Amazon MemoryDB: A Fast and Durable Memory-First Cloud Database, by six AWS engineers, in SIGMOD 2024. AWS hacked up Redis (I mean this respectfully) to produce a Redis-compatible database-as-a-service called MemoryDB, with better durability and consistency. Here’s a video of my presentation to the DistSys Reading Group, and a written review of the paper below.


The Problem


It's me, hi, I'm the problem, it's me.

Redis is popular because it’s fast and supports fairly powerful data structures, which makes some kinds of applications much easier to build. But Redis has basically no durability or consistency guarantees. So Amazon wants to sell a better Redis.

Digression: there’s been some license drama. Redis’s owner, Redis Labs, changed the license from open source to source-available. My company made a similar move and I think it’s justified. There’s a fork of open source Redis called Valkey now, and it has a new logo:


I have this thing where I get older but just never wiser.

Valkey sounds like a Norse warrior woman to me. I think their logo should look like this:


I'm a monster on the hill.

However, AWS marketing says MemoryDB is “OSS Redis-compatible”, and they don’t mention Valkey, I don’t know how this will play out long term. Will Amazon contribute to Valkey? Or will proprietary Redis, Valkey, and AWS’s version of Redis drift apart forever?

One day I'll watch as you're leaving.

Anyway. Amazon wants to sell a better Redis, with stronger durability and consistency. How are they going to do it?

The Solution

Guaranteeing durability and consistency in a distributed database is always complex. In this paper, the authors' solution is to make a black box, call it “the transaction log”, put all the complexity inside, and close the box.


I should not be left to my own devices.

The authors don’t describe the transaction log internals; we don’t know how it provides the guarantees on which MemoryDB relies. Presumably that’ll be a future paper, or maybe we can just infer it’s running Raft or Paxos. This is frustrating for me because I’m here for the distributed systems, but this isn’t a distributed systems paper—it’s mostly a software engineering paper. This paper is about how Amazon decomposed Redis into two parts: 1) the transaction log, and 2) everything else. They replaced the log with something better, put the parts back together, and created MemoryDB.

Too big to hang out, slowly lurching toward your favorite city.

MemoryDB Architecture


Figure 1 from the paper.

Here’s the MemoryDB architecture. Clients send writes to the primary. In vanilla Redis, the primary streams operations asynchronously to secondaries (aka “replicas”). The MemoryDB primary saves writes to the transaction log synchronously. How did the authors make the change from async to sync without rewriting Redis internals? There’s a doohickey called a Tracker which knows when writes become durable, delays acks until then, and blocks reads on dirty data. This provides linearizability on the primary. My impression is it lives outside the Redis core code, and it intercepts requests and replies.

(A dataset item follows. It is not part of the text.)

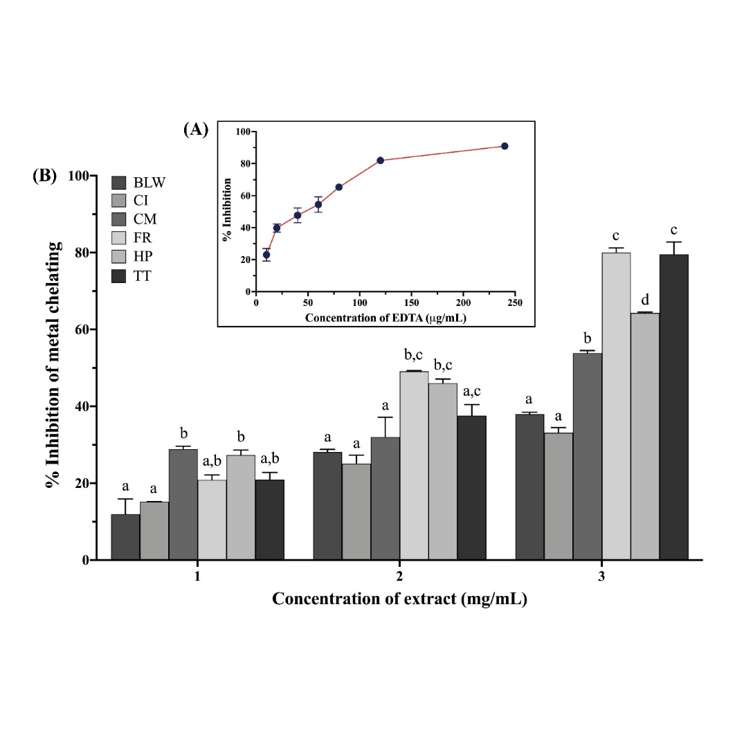 Figure 5 In vitro metal chelating activity of EDTA, BLW formulation, and its herbal components. (A) Metal chelation by EDTA, a standard chelating agent, is shown for comparison. (B) Percentage inhibition of metal chelation by the BLW formulation and its constituent herbal extracts at varying concentrations (1 - 3 mg/mL). Data are expressed as mean ± SEM (n = 3). Within each concentration, bars with different letters (a-d) indicate statistically significant differences (p < 0.05) as determined by 1-way ANOVA with Tukey’s post-hoc test. Abbreviations: EDTA, ethylenediaminetetraacetic acid; BLW, Benchalokawichian; CI, Clerodendrum indicum; CM, Capparis micracantha; FR, Ficus racemosa; HP, Harrisonia perforata; TT, Tiliacora triandra.

Secondaries receive entries from the transaction log only after they are multi-AZ-durable. A client can opt in to read from one replica and get sequential consistency, or multiple replicas and get eventual consistency. In both cases, MemoryDB secondaries have better consistency than Redis secondaries, since the former don’t observe writes that can be rolled back.

Off-Box Snapshotting


Figure 2 from the paper.

Snapshots are useful for initializing new followers or disaster recovery. Normal Redis does snapshotting by forking the main process. One child keeps processing transactions (taking advantage of copy-on-write) while the other child creates the snapshot from its read-only copy of the data. These two children are competing for RAM and CPU, though, so the machine has to be overprovisioned to make headroom for occasional snapshotting.

With MemoryDB, when Amazon wants to take a snapshot it does it “off-box”. They start up a new Redis machine, restore it from the last snapshot in S3, replay the subsequent transactions, save a new snapshot to S3, and terminate the Redis machine. The customer workload proceeds without interference.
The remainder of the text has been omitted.